• WHAT THE TASK ASKS: Only the lines below from the one containing "GSC 103 TEST" through the one containing "Answers questions with" belong in the answer, set down exactly, with the pictures left out.

[Stored data]
• • • • •

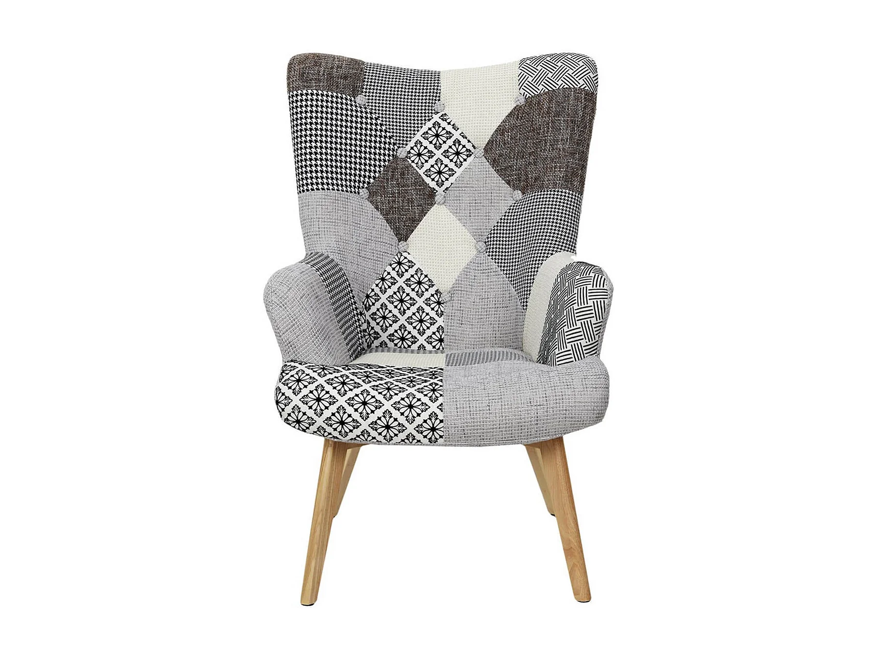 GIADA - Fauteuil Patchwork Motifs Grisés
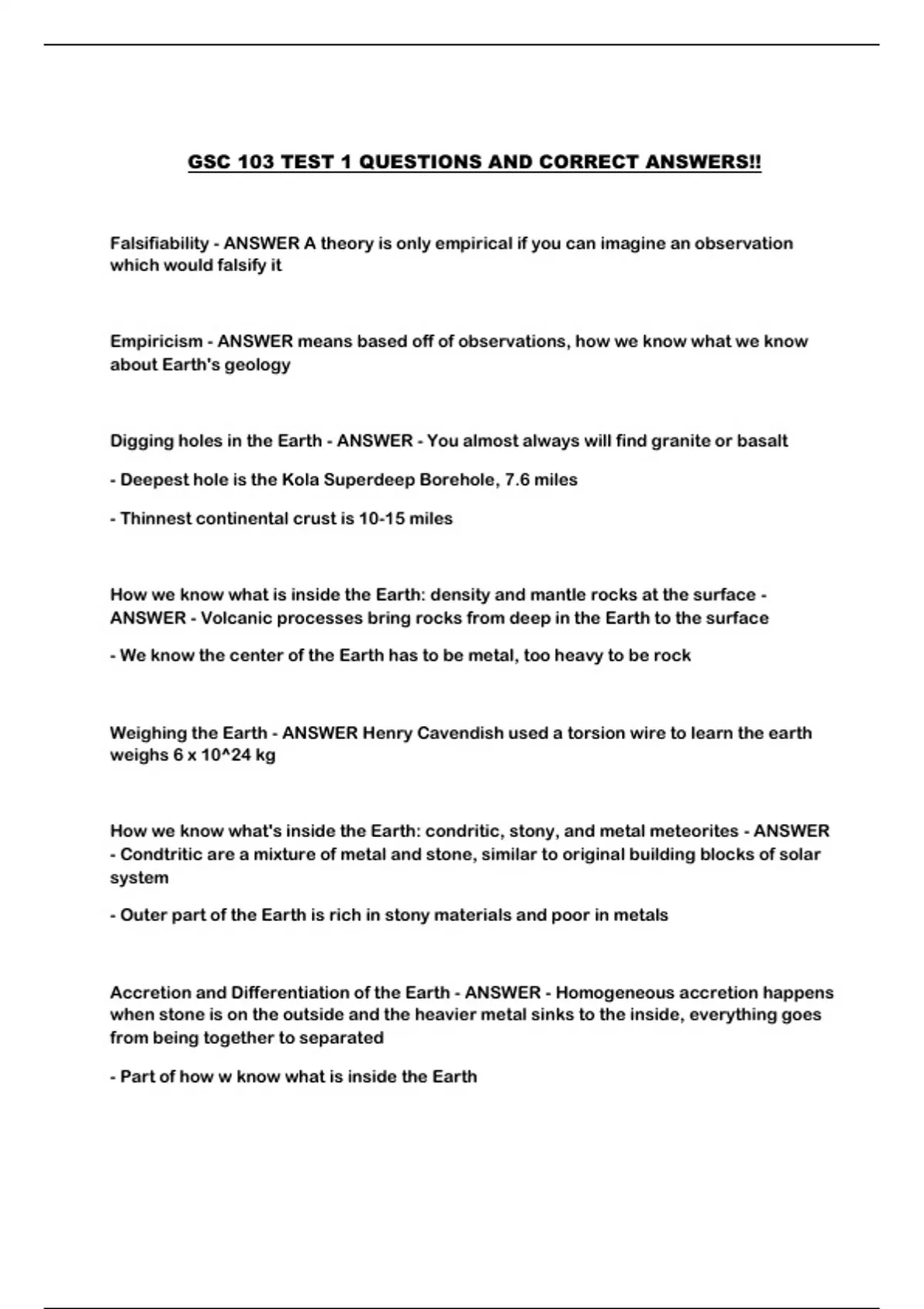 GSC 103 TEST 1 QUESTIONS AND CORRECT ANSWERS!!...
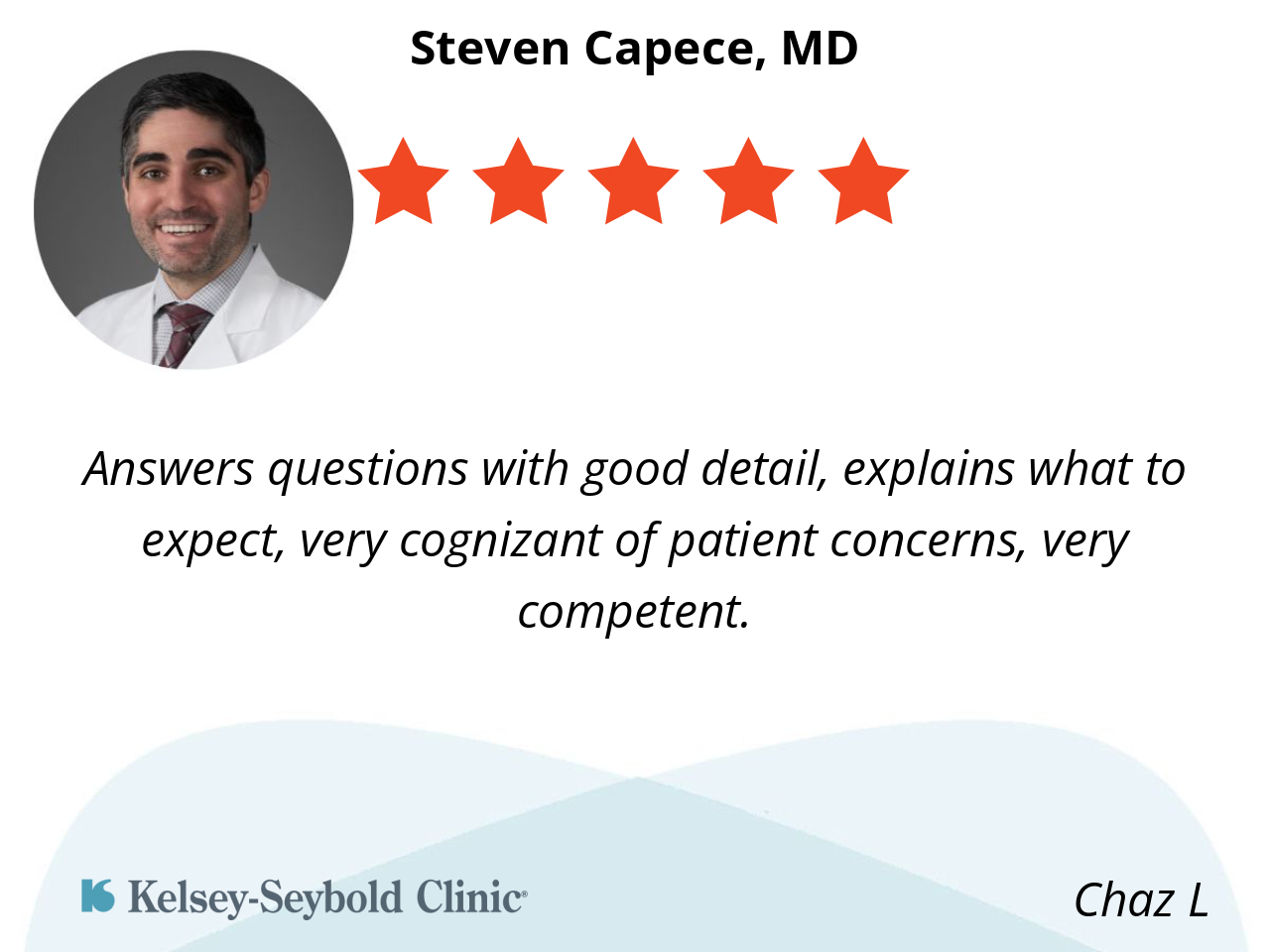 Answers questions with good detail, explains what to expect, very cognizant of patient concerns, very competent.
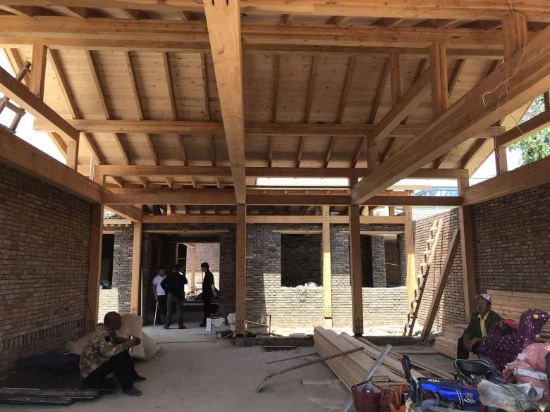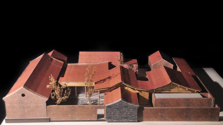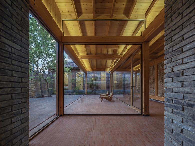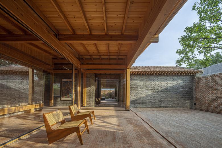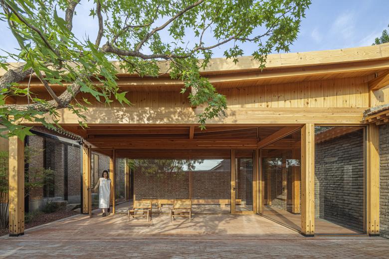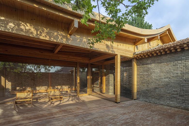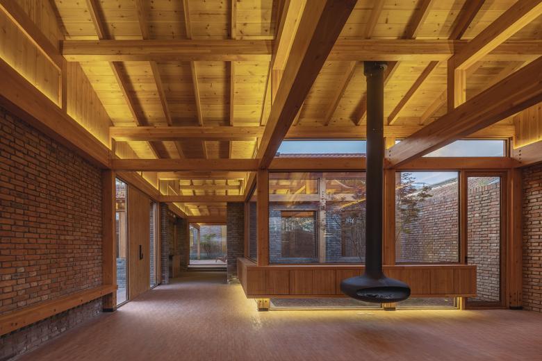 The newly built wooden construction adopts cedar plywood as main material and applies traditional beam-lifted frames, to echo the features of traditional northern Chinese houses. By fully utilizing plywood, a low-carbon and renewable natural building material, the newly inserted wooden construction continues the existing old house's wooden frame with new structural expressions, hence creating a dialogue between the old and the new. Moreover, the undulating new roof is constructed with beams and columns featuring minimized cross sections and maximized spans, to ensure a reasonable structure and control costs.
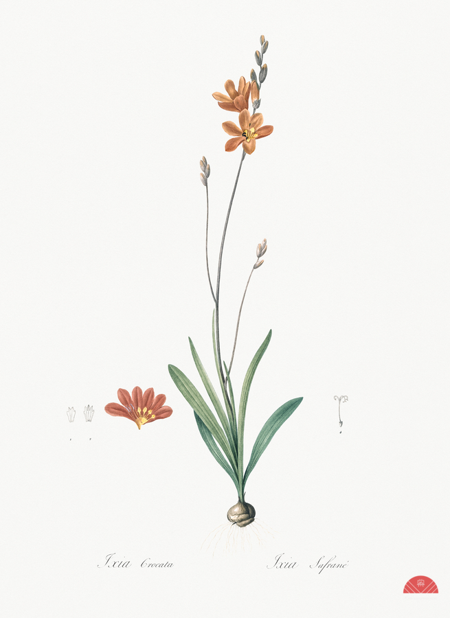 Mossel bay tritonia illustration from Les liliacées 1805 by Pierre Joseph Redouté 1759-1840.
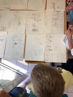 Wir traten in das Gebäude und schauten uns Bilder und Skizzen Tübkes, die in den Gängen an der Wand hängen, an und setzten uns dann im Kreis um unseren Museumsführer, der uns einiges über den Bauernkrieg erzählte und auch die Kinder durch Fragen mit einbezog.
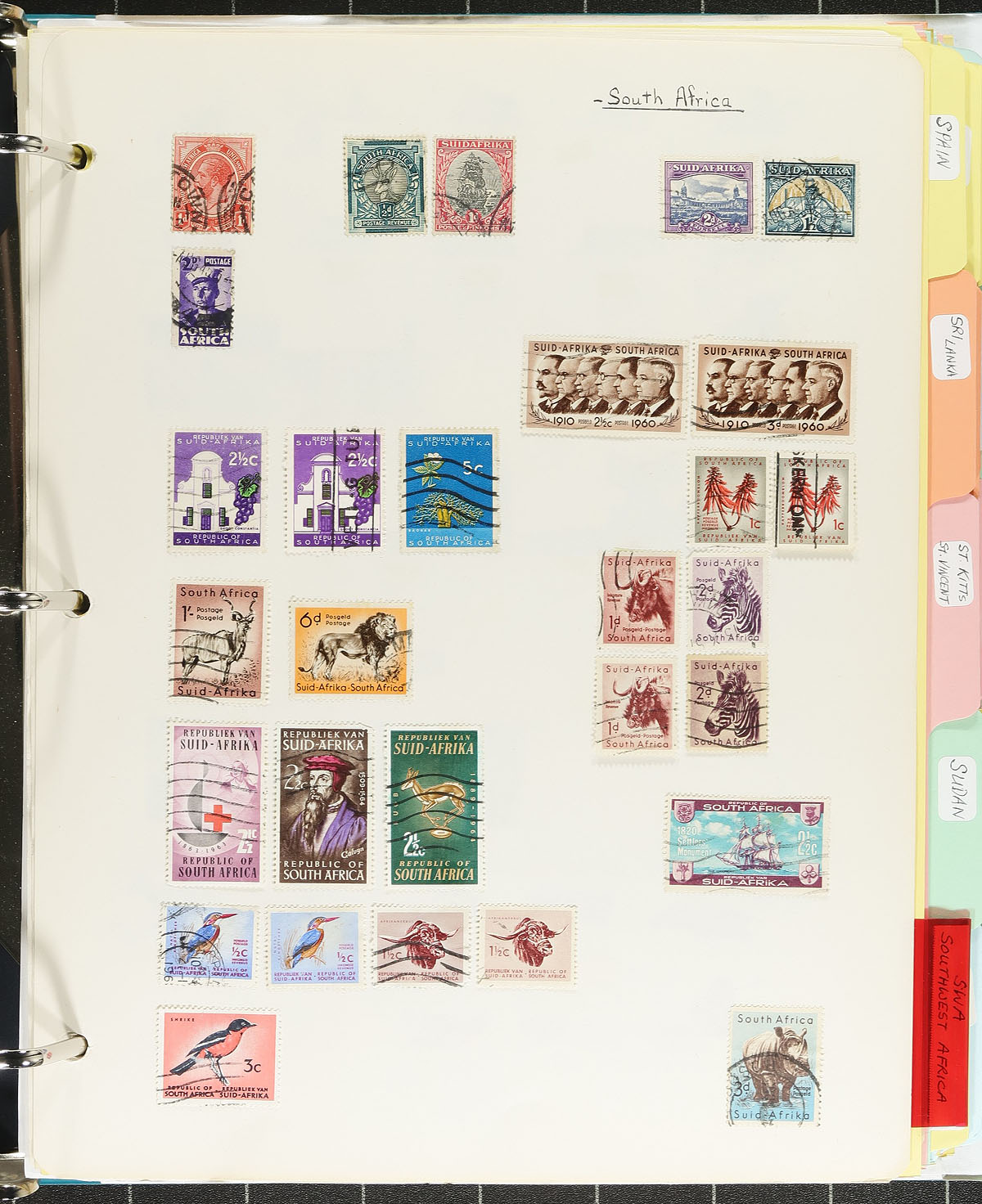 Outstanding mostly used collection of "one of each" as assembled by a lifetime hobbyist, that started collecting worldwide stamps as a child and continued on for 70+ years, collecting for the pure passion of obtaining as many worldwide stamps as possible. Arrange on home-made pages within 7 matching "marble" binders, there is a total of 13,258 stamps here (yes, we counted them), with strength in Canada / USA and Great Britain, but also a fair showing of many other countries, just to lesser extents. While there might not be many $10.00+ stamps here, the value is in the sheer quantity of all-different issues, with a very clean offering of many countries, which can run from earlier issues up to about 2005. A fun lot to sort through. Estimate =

• • • • •

• REPLY:
 GSC 103 TEST 1 QUESTIONS AND CORRECT ANSWERS!!...
 Answers questions with good detail, explains what to expect, very cognizant of patient concerns, very competent.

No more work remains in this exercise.